*** Begin section ***

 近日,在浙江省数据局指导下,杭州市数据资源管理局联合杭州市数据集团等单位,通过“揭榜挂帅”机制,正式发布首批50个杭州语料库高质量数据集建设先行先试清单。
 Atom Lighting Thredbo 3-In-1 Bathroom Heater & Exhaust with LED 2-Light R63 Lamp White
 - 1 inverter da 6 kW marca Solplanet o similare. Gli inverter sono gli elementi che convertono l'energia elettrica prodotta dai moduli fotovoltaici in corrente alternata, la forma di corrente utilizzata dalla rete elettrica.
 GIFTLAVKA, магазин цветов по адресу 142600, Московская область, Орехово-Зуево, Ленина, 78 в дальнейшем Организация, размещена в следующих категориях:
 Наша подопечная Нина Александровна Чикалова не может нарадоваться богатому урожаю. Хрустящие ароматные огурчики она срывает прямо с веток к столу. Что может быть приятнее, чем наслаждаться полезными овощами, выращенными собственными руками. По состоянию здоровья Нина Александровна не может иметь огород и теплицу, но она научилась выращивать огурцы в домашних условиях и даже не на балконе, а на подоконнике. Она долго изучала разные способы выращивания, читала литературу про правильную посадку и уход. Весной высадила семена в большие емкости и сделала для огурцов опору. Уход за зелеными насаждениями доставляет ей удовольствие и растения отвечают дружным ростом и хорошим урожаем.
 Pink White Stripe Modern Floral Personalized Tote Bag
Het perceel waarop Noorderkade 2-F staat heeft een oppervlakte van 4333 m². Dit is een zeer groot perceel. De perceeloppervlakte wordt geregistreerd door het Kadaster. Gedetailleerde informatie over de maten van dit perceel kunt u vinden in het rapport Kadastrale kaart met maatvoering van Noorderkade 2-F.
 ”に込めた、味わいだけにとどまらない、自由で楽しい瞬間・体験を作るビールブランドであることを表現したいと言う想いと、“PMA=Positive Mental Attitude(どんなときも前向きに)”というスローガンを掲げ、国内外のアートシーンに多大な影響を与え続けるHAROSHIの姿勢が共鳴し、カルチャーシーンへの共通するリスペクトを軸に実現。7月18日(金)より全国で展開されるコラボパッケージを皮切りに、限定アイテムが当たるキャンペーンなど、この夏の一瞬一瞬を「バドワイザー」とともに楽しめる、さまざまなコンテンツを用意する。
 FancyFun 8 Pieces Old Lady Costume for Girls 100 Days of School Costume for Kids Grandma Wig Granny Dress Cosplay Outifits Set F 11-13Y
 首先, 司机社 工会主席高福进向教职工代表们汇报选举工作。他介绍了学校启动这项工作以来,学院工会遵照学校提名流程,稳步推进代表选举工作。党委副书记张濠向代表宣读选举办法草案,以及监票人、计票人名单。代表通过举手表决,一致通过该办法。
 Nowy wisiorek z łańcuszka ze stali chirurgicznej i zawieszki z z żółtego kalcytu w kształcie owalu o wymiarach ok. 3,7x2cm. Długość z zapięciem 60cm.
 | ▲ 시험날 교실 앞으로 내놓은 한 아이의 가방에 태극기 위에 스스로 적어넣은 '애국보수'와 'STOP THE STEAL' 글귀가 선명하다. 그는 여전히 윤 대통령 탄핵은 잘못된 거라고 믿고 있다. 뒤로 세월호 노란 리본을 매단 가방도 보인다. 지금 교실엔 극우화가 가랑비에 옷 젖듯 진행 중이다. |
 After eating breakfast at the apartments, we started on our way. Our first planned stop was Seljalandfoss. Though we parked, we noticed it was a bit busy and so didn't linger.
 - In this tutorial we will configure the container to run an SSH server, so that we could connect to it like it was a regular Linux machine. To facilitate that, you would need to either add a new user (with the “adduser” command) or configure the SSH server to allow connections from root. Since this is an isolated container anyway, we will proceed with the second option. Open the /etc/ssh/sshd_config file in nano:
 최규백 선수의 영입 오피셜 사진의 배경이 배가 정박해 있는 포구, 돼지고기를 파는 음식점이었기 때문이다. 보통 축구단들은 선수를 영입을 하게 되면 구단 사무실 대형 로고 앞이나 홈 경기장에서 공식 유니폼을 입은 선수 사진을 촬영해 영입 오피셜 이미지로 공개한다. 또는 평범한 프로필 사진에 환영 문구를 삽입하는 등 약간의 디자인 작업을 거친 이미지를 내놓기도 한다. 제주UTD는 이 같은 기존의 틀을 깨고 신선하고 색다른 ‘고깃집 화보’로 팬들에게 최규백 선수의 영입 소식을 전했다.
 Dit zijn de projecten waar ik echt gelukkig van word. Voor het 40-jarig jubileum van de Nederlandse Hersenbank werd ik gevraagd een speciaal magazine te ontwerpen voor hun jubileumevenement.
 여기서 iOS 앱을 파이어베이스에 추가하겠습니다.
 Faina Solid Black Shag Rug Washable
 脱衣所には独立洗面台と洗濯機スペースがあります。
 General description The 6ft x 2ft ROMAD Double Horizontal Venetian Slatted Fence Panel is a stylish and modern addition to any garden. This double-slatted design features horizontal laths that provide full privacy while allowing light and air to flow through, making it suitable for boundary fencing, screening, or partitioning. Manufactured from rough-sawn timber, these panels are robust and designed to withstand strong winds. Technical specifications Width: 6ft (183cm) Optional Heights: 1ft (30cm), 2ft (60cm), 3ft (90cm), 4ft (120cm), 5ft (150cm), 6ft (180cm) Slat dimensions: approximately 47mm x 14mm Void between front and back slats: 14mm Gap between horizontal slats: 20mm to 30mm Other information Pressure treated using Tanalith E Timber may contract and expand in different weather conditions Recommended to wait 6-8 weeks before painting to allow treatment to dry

*** End section ***

▶ [PROBLEM DETAILS]
Go through the entries and report every line with the string "from".

▶ [RESULT FOR THIS EXERCISE]
 - In this tutorial we will configure the container to run an SSH server, so that we could connect to it like it was a regular Linux machine. To facilitate that, you would need to either add a new user (with the “adduser” command) or configure the SSH server to allow connections from root. Since this is an isolated container anyway, we will proceed with the second option. Open the /etc/ssh/sshd_config file in nano:
 General description The 6ft x 2ft ROMAD Double Horizontal Venetian Slatted Fence Panel is a stylish and modern addition to any garden. This double-slatted design features horizontal laths that provide full privacy while allowing light and air to flow through, making it suitable for boundary fencing, screening, or partitioning. Manufactured from rough-sawn timber, these panels are robust and designed to withstand strong winds. Technical specifications Width: 6ft (183cm) Optional Heights: 1ft (30cm), 2ft (60cm), 3ft (90cm), 4ft (120cm), 5ft (150cm), 6ft (180cm) Slat dimensions: approximately 47mm x 14mm Void between front and back slats: 14mm Gap between horizontal slats: 20mm to 30mm Other information Pressure treated using Tanalith E Timber may contract and expand in different weather conditions Recommended to wait 6-8 weeks before painting to allow treatment to dry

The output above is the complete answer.